Hubert jak zwykle każdego denerwował i grał na gitarze. Tylko jak zwykle zapomniał podłączyć ją do wzmacniacza i by usłyszeć dźwięk kopał perkusję. Nie wiem co on widział w kopaniu perkusji, ale ważne że był zadowolony. Ada z Martą poszły na siku, no cóż nikt nawet nie zwrócił uwagi gdy wyszły. Nagle Lidka spytała:
- Ej a gdzie Marta i Ada?
- Jebać ich! krzyknął Hubert
Lidka się spojrzała na niego jak na idiotę. W sumie jak na każdego, taki już ma wyraz twarzy (Balon dalej siedział i stuku stuku). Mietla podeszła do Huberta:
- Słuchaj Hubert mam problem
- Jaki? - spytał chłodno Hubert
- No to Balon nie chce mnie słuchać bo ciągle stuku stuku, a Oficer ma masło na spodniach i mój światopogląd się łamię
- Słuchaj Martyna Mietlicka, ja jestem gwiazdą rocka, gram na basie, mam swój zespół, grałem blues nad bobrem, byłem na konkursie matematycznym we Wrocławiu, mam kolegów jak brudu w kieszeni, a koleżanek jak łupieżu we włosach, A ty mi tu jak zwykle pierdolisz, że Oficer jest brudny
- Ale, aleee... - nie wiedząc co odpowiedzieć Martyna zaczyna się jąkać
- Cicho! - powiedział Hubert do Mietli - Oficer kurwa!

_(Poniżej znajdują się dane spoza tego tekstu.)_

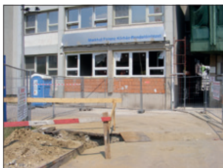
Akad még munka bőven

Uniós pályázat részeként épül a rehabilitációs kardiológiai szakrendelő az Árva közti bejáratnál. Az új épületrész a belgyógyászati tömb szomszédságában kap helyet, és hamarosan elkészül. Már a belső vezetékelési munkálatokat végzik.
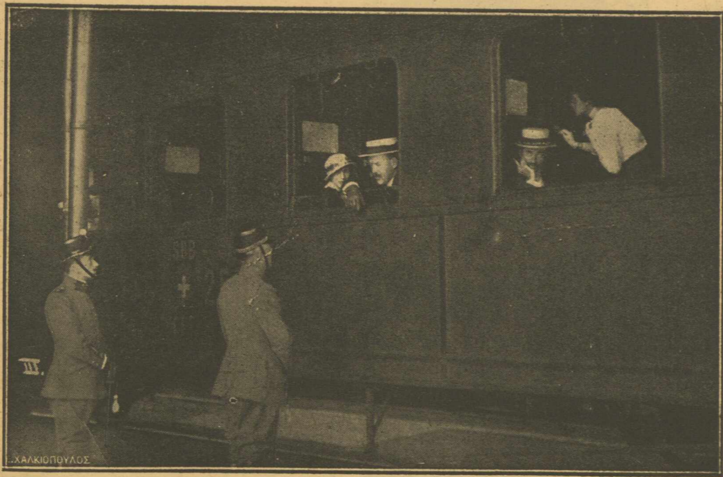
ΕΡΧΕΤΑΙ.—Τὸ τραῖνο ἐξεκίνησε καὶ ὁ Βασιλεὺς Κωνσταντίνος ὑπακούων εἰς τὴν διά τοῦ δημοψηφίσματος διακηρυχθεῖσαν ἀπόφασιν τοῦ 'Ελληνικοῦ Λαοῦ, ἐπιστρέφει εἰς τὴν ἀγαπητὴν του 'Ελλάδα μετὰ τὴν ἀνάμνησιν τῆς φιλοξένου 'Ελβετίας.
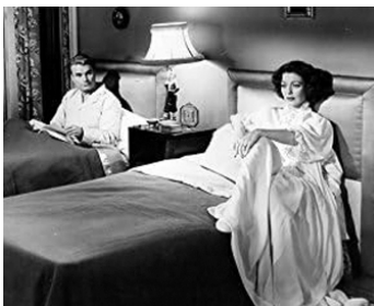
1952 PAULA (The Silent Voice) de Rudolph Maté avec Loretta Young

- Co ?! - spytał Oficer ale nie oczekiwał inteligentnej odpowiedzi. Oczywiście się nie ździwił
- Umyj się w końcu
- A może nie, może lubię być brudasem. Może lubię mieć masło na spodniach, a może lubie jak mi śmierdzą nogo. To jest moja sprawa i ty sam się umyj.
- Co?
- No dobra, wczoraj nam odcięli wodę, mama znowu zapomniała poszukać pracy by zarobić na rachunki. A ty się śmiejesz - tłumaczy się zażenowany i brudny Kuba
- Yhhh, sorry stary nie wiedziałem
- Spoko
- Chcesz to Ci pożyczę ten litr mineralnej, może Ci będzie starczyć na tydzień - mówi Hubert podając butelkę litrową wody mineralnej
- Dzięki, umyję teraz tacie plecy
- Nie ma za co !
Ta długa i wyczerpująca rozmowa spowodowała, że Martyna usnęła.